Buenos Aires: la ciudad del tango, Cortázar y Mafalda (parte I)

Buenos Aires nos recibió en su verano austral (en enero…) con mucho calor, con sus grandes avenidas y con un grato encuentro nada más bajarnos del colectivo que nos llevó hasta el centro. Cerca del obelisco nos sorprendió nuestro amigo Andrés, un crack que conocimos en Barcelona a través de Sandra, la Argentina lover de nuestro grupo de amigos, para acompañarnos en el subte a casa de otra amiga, Clara, y comenzar así nuestra aventura bonaerense.

El barrio de Palermo

Comiendo milanesas en Las CabrasUna vez dejamos las mochilas en casa, nos fuimos a conocer la ciudad.

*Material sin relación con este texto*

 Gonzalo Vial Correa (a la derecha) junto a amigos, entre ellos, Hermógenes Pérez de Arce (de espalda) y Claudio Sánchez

Clara y Andrés nos llevaron de paseo primero en coche y después a pie por Palermo y alrededores, un barrio con mucha vida, lleno de originales y bonitas tiendas de diseño, de bares, restaurantes, terrazas… Nos bajamos junto a la plaza Armenia hasta llegar al restaurante Las cabras, donde disfrutamos en una terracita de nuestra primera comida argentina: milanesas, filetes de ternera empanados. ¡Deliciosas!

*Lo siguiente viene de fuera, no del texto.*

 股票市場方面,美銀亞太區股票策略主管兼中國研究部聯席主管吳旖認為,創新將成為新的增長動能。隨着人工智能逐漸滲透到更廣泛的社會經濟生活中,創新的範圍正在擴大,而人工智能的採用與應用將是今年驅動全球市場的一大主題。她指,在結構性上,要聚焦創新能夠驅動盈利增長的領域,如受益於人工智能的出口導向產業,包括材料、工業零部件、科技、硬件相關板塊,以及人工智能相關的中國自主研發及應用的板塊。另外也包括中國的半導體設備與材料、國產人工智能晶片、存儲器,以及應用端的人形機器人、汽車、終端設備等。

Por la tarde fuimos a conocer la historia más reciente y dolorosa de Argentina a través de una visita guiada y gratuita a la Escuela de Mecánica de la Armada (ESMA) que fue un centro clandestino de detención durante casi 10 años. 

El centro ESMA y la historia reciente del pueblo argentino

visita-ESMA-Buenos-AiresLa ESMA o Escuela de Mecánica de la Armada era un centro dedicado a la formación de militares que se convirtió en uno de los más de 100 centros clandestinos de detención que se establecieron durante la dictadura cívico-militar que tuvo lugar en Argentina entre 1973-1986.

En la visita guiada nos contaron la triste historia de los cientos de miles de personas exiliados a México, a Italia, a España, a Suecia… resultantes de esta dictadura, los 30.000 desaparecidos, las víctimas…

Aproximadamente 5.000 personas pasaron por este lugar y tan sólo alrededor de 200 sobrevivieron: eran denominados “los sobrevivientes”.

En este período, el enemigo no era otra fuerza militar, sino un enemigo interno surgido del pueblo, una fuerza popular resistente y difícil de hacer callar, a la que quisieron privar de todos sus derechos. Eran todas las asociaciones políticas, sindicales, de estudiantes… “Los subversivos” eran considerado por los genocidas todos aquellos que pensaban diferente de los conceptos occidentales y cristianos que imponían. Podían ser personas pertenecientes a organizaciones armadas o simplemente quienes realizaban cursos de alfabetización en barrios marginales, autores de libros, de pinturas… con ideas diferentes.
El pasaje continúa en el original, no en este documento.